[Task description] I'd like the data beneath this line reproduced exactly, without any of its images.

[Data below]

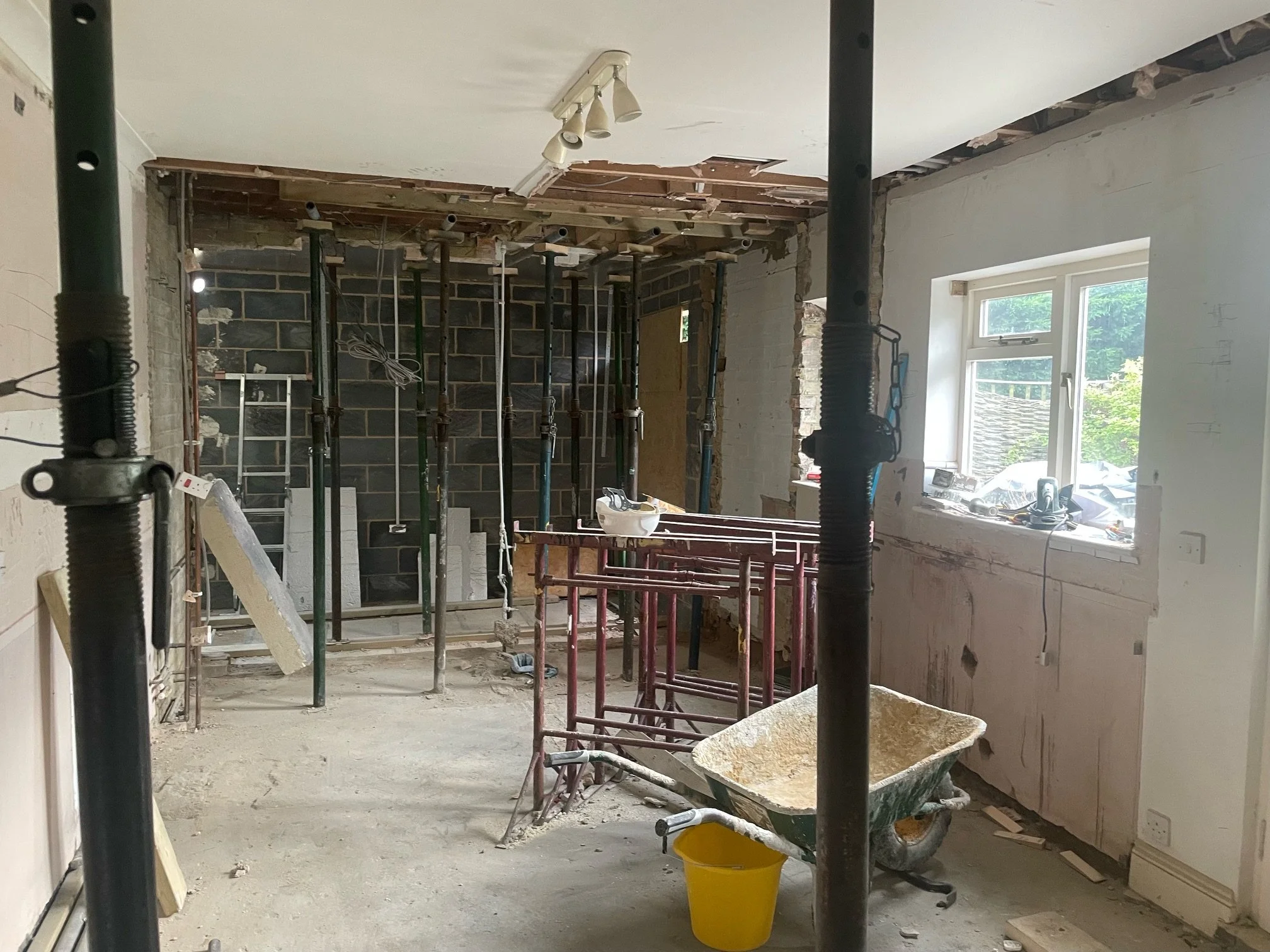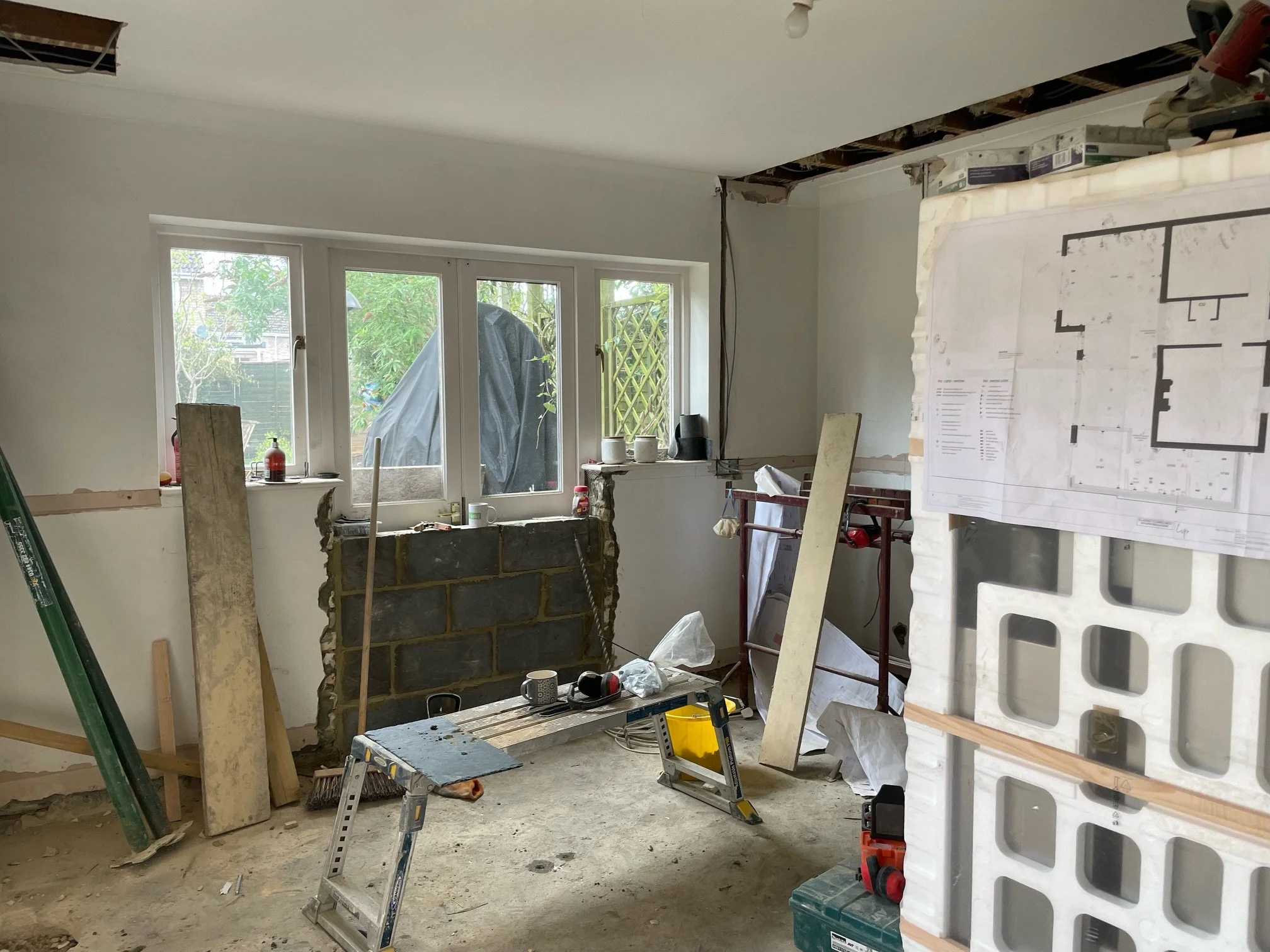 In Month 04, significant progress was made with the internal openings of the side extension. Structural steels were installed and plasterboarding was completed, setting the stage for the final touches. On the exterior, openings were made for two picture windows and a large bifolding door, enhancing the extension's connectivity with the outside and preparing it for the next stages of the build.
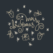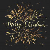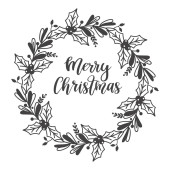 Świąteczny wieniec z ręcznie napisanymi pozdrowieniami w środku. Rama z gałązek jodły, ostrokrzew, kwiatostany jak złoto
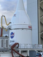 attractif. VAB, mise en place de l'étage supérieur ICP de Boeing et ULA pour le lanceur Artemis 2. Armstrong O&C Building, sortie du vaisseau Orion en partance pour le MPPFF, Multi-Payload Processing Function Facility afin de réaliser les remplissage en ergols. 9 mai, la NASA annule définitivement le Gateway. Les vol Artemis 2 et 3 sont maintenus, mais ce ne sont que des fly-by habité. Artemis 3 devait logiquement être la première vraie mission où 2 des 4 astronautes posaient le pied au sol, mais après s’être docké au Lunar Gateway avec Orion, se transférer dans le Starship HLS et aller se poser et revenir a la Gateway avec HLS, pour rentrer sur Terre avec Orion. Remplacement des plaques métallique recouvrant le déflecteur du LC39B 20 juin, La NASA a testé le moteur RS-25 n° 20001 sur le banc d'essai Fred Haise du centre spatial Stennis de la NASA à Bay St. Louis, dans le Mississippi. Les équipes d'essai ont allumé le moteur pendant près de huit minutes et demie (500 secondes), soit la même durée d'allumage des moteurs RS-25 lors du lancement du SLS pour des missions Artemis vers la Lune. Au cours de l'essai, les opérateurs ont également allumé le moteur n° 20001 à 111 % de sa puissance, soit la même poussée nécessaire pour lancer en orbite le SLS transportant la sonde Orion. Cet essai de pleine durée était le premier depuis que la NASA a terminé les essais de certification des nouveaux moteurs RS-25 de série en 2024. L3Harris Technologie, ex Aerojet Rockedyne fabrique ses moteurs pour le SLS. Le moteur 20001 est le premier du genre a être fabriqué depuis la fin du programme STS en 2011, il propulsera le SLS Artemis 5. Le tir d'essai a eu lieu quelques jours avant le 50e anniversaire du premier essai du moteur principal de la navette spatiale à Stennis, le 24 juin 1975. Ce moteur portait le numéro de série 0001. Le nouveau moteur RS-25 est désigné n° 20001. 26 juin, Nortrop Grumman teste au banc le booster SRB BOLE (Booster Obsolescence and Life Extension), le plus grand propulseur à propergol solide segmenté jamais construit. L'essai se déroule parfaitement jusqu'à T + 1mn 43 s lorsque la tuyère est arraché du booster. Ce dernier finit normalement sa propulsion jusqu'à T+ 2 mn 36s. Le moteur BOLE est destiné à équiper la version Block 2 du SLS à partir de la mission Artemis IX. Doté d'un carter composite non peint et d'un câblage en cuivre pour la protection contre la foudre, le propulseur a généré plus de 1,8 million de kilos de poussée à l'allumage et a fonctionné pendant environ deux minutes et 20 secondes. Des capteurs surveillaient des centaines de paramètres grâce à 763 canaux de données, et un système d'extinction au dioxyde de carbone a permis de sécuriser le propulseur après son allumage. Le moteur BOLE DM-1 s'est avéré être le deuxième moteur-fusée à propergol solide le plus puissant jamais testé, derrière un propulseur d'appoint de 260 pouces dans les années 1960. Monté sur le côté, le moteur était maintenu par un gros bloc de béton, ce qui l'empêchait d'avancer. Tous les moteurs d'essai du programme sont traités dans une enceinte de montage, éloignée du moteur avant le test. Il s'agit du premier des deux tests de développement du moteur prévus pour BOLE. Lors du test DM-1, le moteur a été refroidi à 15 °C afin de tester sa réponse en conditions ambiantes. D'autres tests évalueront les performances du BOLE à froid et à chaud, si le bloc SLS 2 reste intégré au programme Artemis. L'enveloppe du BOLE est fabriquée en fibre de carbone, il est plus grand que le RSRMV (Redesigned Solid Rocket Motor-V) hérités du SLS, mesurant 47,5 m de haut et 3,8 m de diamètre, contre 46,9 m de haut et 3,7 m de diamètre pour le RSRMV. La tuyère a été redessinée, avec un diamètre de 4,4 m, contre 3,9 m pour la buse RSRMV. La tuyère BOLE, fabriquée en matériau composite avec un matériau phénolique en verre brun, comprend également une rallonge de 0,6 m. Le boosters BOLE ont été conçus pour augmenter l'impulsion spécifique de 3,9 % et l'impulsion totale de 11 % par rapport aux propulseurs à cinq segments existants, permettant au bloc 2 d'ajouter 5 tonnes de charge utile par rapport à la prochaine version du bloc 1B du SLS. Pour offrir de meilleures performances, les boosters BOLE utiliseront un propulseur amélioré à base de polybutadiène à terminaison hydroxyle (HTPB), contrairement au polybutadiène acrylonitrile (PBAN)actuellement utilisé sur les propulseurs à poudre. Les améliorations apportées au propulseur BOLE sont le fruit de l'annulation du programme OmegA, lancé alors qu'Orbital ATK était en compétition pour le programme National Security Space Launch (NSSL). La famille Falcon de SpaceX et le lanceur Vulcan de l'United Launch Alliance ont finalement été sélectionnés par l'US Space Force, éliminant ainsi le besoin d'OmegA. Le BOLE est le second plus gros booster à poudre testé, mais dans les années 1960 un autre moteur, le AJ260 avait été fabriqué par Aerojet comme premier étage du Saturn 5 au cas où les moteurs F1 échouent. D'un diamètre de 260 pouces (6,6 mètres), il avait été fabriqué et testé en Floride, à 50 km au nord de Miami et à 22 km de Homestad AFB, amené par bateau à travers un nouveau canal. 2 essais de mise à feu ont eu lieu en septembre 1965 et février 1965, avec un moteur court de 24 mètres produisant 1 800 tonnes de poussé durant 114 secondes. Un 3e essais a eu lieu en juin 1967 avec le booster SL 2 équipé d'une tuyère partiellement immergée délivrant une poussée de 2 900 tonnes. Presque à bout de souffle, la tuyère du booster s'est éjectée, répandant du propergol à base d'acide chlorhydrique sur les zones humides des Everglades, les champs cultivés et les maisons de Homestead. De nombreux habitants de Homestead se sont plaints des dégâts, notamment des dommages à la peinture de leurs voitures et la d

[Answer to this problem]
 In Month 04, significant progress was made with the internal openings of the side extension. Structural steels were installed and plasterboarding was completed, setting the stage for the final touches. On the exterior, openings were made for two picture windows and a large bifolding door, enhancing the extension's connectivity with the outside and preparing it for the next stages of the build.
 Świąteczny wieniec z ręcznie napisanymi pozdrowieniami w środku. Rama z gałązek jodły, ostrokrzew, kwiatostany jak złoto
 attractif. VAB, mise en place de l'étage supérieur ICP de Boeing et ULA pour le lanceur Artemis 2. Armstrong O&C Building, sortie du vaisseau Orion en partance pour le MPPFF, Multi-Payload Processing Function Facility afin de réaliser les remplissage en ergols. 9 mai, la NASA annule définitivement le Gateway. Les vol Artemis 2 et 3 sont maintenus, mais ce ne sont que des fly-by habité. Artemis 3 devait logiquement être la première vraie mission où 2 des 4 astronautes posaient le pied au sol, mais après s’être docké au Lunar Gateway avec Orion, se transférer dans le Starship HLS et aller se poser et revenir a la Gateway avec HLS, pour rentrer sur Terre avec Orion. Remplacement des plaques métallique recouvrant le déflecteur du LC39B 20 juin, La NASA a testé le moteur RS-25 n° 20001 sur le banc d'essai Fred Haise du centre spatial Stennis de la NASA à Bay St. Louis, dans le Mississippi. Les équipes d'essai ont allumé le moteur pendant près de huit minutes et demie (500 secondes), soit la même durée d'allumage des moteurs RS-25 lors du lancement du SLS pour des missions Artemis vers la Lune. Au cours de l'essai, les opérateurs ont également allumé le moteur n° 20001 à 111 % de sa puissance, soit la même poussée nécessaire pour lancer en orbite le SLS transportant la sonde Orion. Cet essai de pleine durée était le premier depuis que la NASA a terminé les essais de certification des nouveaux moteurs RS-25 de série en 2024. L3Harris Technologie, ex Aerojet Rockedyne fabrique ses moteurs pour le SLS. Le moteur 20001 est le premier du genre a être fabriqué depuis la fin du programme STS en 2011, il propulsera le SLS Artemis 5. Le tir d'essai a eu lieu quelques jours avant le 50e anniversaire du premier essai du moteur principal de la navette spatiale à Stennis, le 24 juin 1975. Ce moteur portait le numéro de série 0001. Le nouveau moteur RS-25 est désigné n° 20001. 26 juin, Nortrop Grumman teste au banc le booster SRB BOLE (Booster Obsolescence and Life Extension), le plus grand propulseur à propergol solide segmenté jamais construit. L'essai se déroule parfaitement jusqu'à T + 1mn 43 s lorsque la tuyère est arraché du booster. Ce dernier finit normalement sa propulsion jusqu'à T+ 2 mn 36s. Le moteur BOLE est destiné à équiper la version Block 2 du SLS à partir de la mission Artemis IX. Doté d'un carter composite non peint et d'un câblage en cuivre pour la protection contre la foudre, le propulseur a généré plus de 1,8 million de kilos de poussée à l'allumage et a fonctionné pendant environ deux minutes et 20 secondes. Des capteurs surveillaient des centaines de paramètres grâce à 763 canaux de données, et un système d'extinction au dioxyde de carbone a permis de sécuriser le propulseur après son allumage. Le moteur BOLE DM-1 s'est avéré être le deuxième moteur-fusée à propergol solide le plus puissant jamais testé, derrière un propulseur d'appoint de 260 pouces dans les années 1960. Monté sur le côté, le moteur était maintenu par un gros bloc de béton, ce qui l'empêchait d'avancer. Tous les moteurs d'essai du programme sont traités dans une enceinte de montage, éloignée du moteur avant le test. Il s'agit du premier des deux tests de développement du moteur prévus pour BOLE. Lors du test DM-1, le moteur a été refroidi à 15 °C afin de tester sa réponse en conditions ambiantes. D'autres tests évalueront les performances du BOLE à froid et à chaud, si le bloc SLS 2 reste intégré au programme Artemis. L'enveloppe du BOLE est fabriquée en fibre de carbone, il est plus grand que le RSRMV (Redesigned Solid Rocket Motor-V) hérités du SLS, mesurant 47,5 m de haut et 3,8 m de diamètre, contre 46,9 m de haut et 3,7 m de diamètre pour le RSRMV. La tuyère a été redessinée, avec un diamètre de 4,4 m, contre 3,9 m pour la buse RSRMV. La tuyère BOLE, fabriquée en matériau composite avec un matériau phénolique en verre brun, comprend également une rallonge de 0,6 m. Le boosters BOLE ont été conçus pour augmenter l'impulsion spécifique de 3,9 % et l'impulsion totale de 11 % par rapport aux propulseurs à cinq segments existants, permettant au bloc 2 d'ajouter 5 tonnes de charge utile par rapport à la prochaine version du bloc 1B du SLS. Pour offrir de meilleures performances, les boosters BOLE utiliseront un propulseur amélioré à base de polybutadiène à terminaison hydroxyle (HTPB), contrairement au polybutadiène acrylonitrile (PBAN)actuellement utilisé sur les propulseurs à poudre. Les améliorations apportées au propulseur BOLE sont le fruit de l'annulation du programme OmegA, lancé alors qu'Orbital ATK était en compétition pour le programme National Security Space Launch (NSSL). La famille Falcon de SpaceX et le lanceur Vulcan de l'United Launch Alliance ont finalement été sélectionnés par l'US Space Force, éliminant ainsi le besoin d'OmegA. Le BOLE est le second plus gros booster à poudre testé, mais dans les années 1960 un autre moteur, le AJ260 avait été fabriqué par Aerojet comme premier étage du Saturn 5 au cas où les moteurs F1 échouent. D'un diamètre de 260 pouces (6,6 mètres), il avait été fabriqué et testé en Floride, à 50 km au nord de Miami et à 22 km de Homestad AFB, amené par bateau à travers un nouveau canal. 2 essais de mise à feu ont eu lieu en septembre 1965 et février 1965, avec un moteur court de 24 mètres produisant 1 800 tonnes de poussé durant 114 secondes. Un 3e essais a eu lieu en juin 1967 avec le booster SL 2 équipé d'une tuyère partiellement immergée délivrant une poussée de 2 900 tonnes. Presque à bout de souffle, la tuyère du booster s'est éjectée, répandant du propergol à base d'acide chlorhydrique sur les zones humides des Everglades, les champs cultivés et les maisons de Homestead. De nombreux habitants de Homestead se sont plaints des dégâts, notamment des dommages à la peinture de leurs voitures et la d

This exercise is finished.